[Problem details]
Repeat verbatim what the listing holds, but not its pictures.

[Source data]
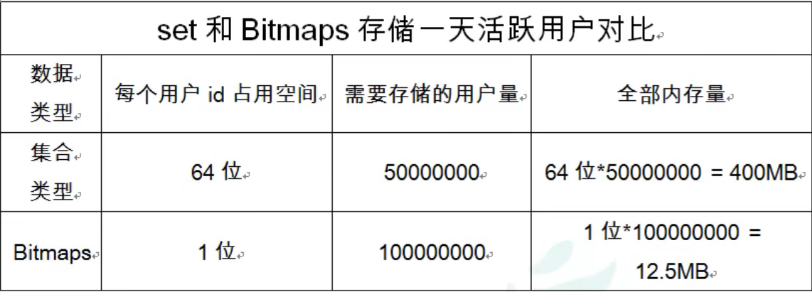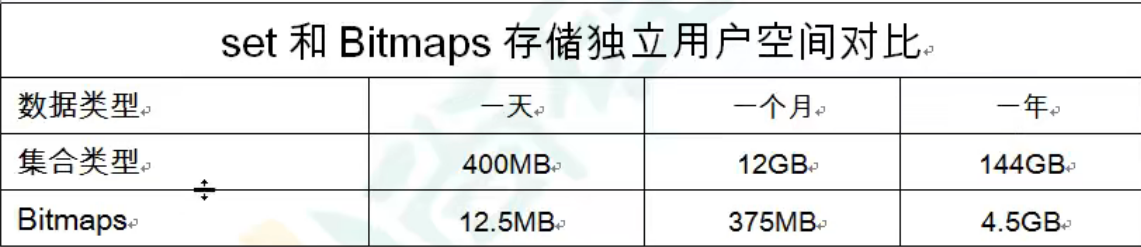 注意:在第一次初始化Bitmaps时,假如偏移量非常大,那么整个初始化过程执行比较慢,可能会造成redis的阻塞
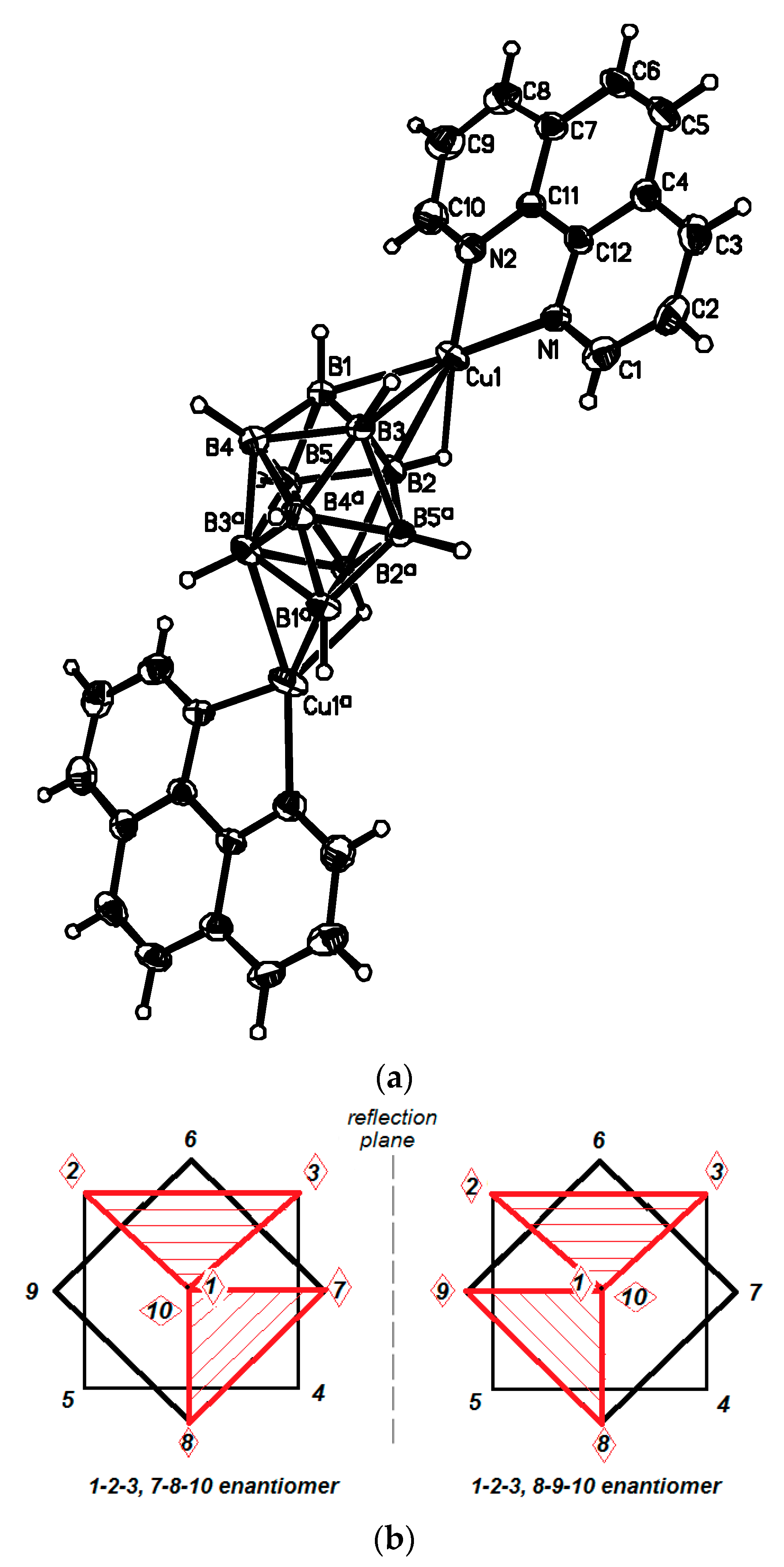 Structures of {((Phen)Cu)2[B10H10]} (a) and schematic representation of the cocristallized enantiomers (b). Reproduced with permission from reference [14]. Copyright © (2016) Elsevier.
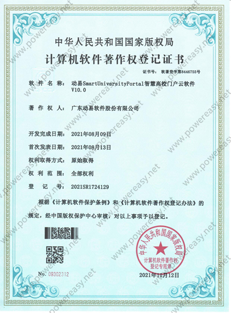 软件著作权-动易SmartUniversityPortal智慧高校门户云软件 V10.0

[Solution for this exercise]
 注意:在第一次初始化Bitmaps时,假如偏移量非常大,那么整个初始化过程执行比较慢,可能会造成redis的阻塞
 Structures of {((Phen)Cu)2[B10H10]} (a) and schematic representation of the cocristallized enantiomers (b). Reproduced with permission from reference [14]. Copyright © (2016) Elsevier.
 软件著作权-动易SmartUniversityPortal智慧高校门户云软件 V10.0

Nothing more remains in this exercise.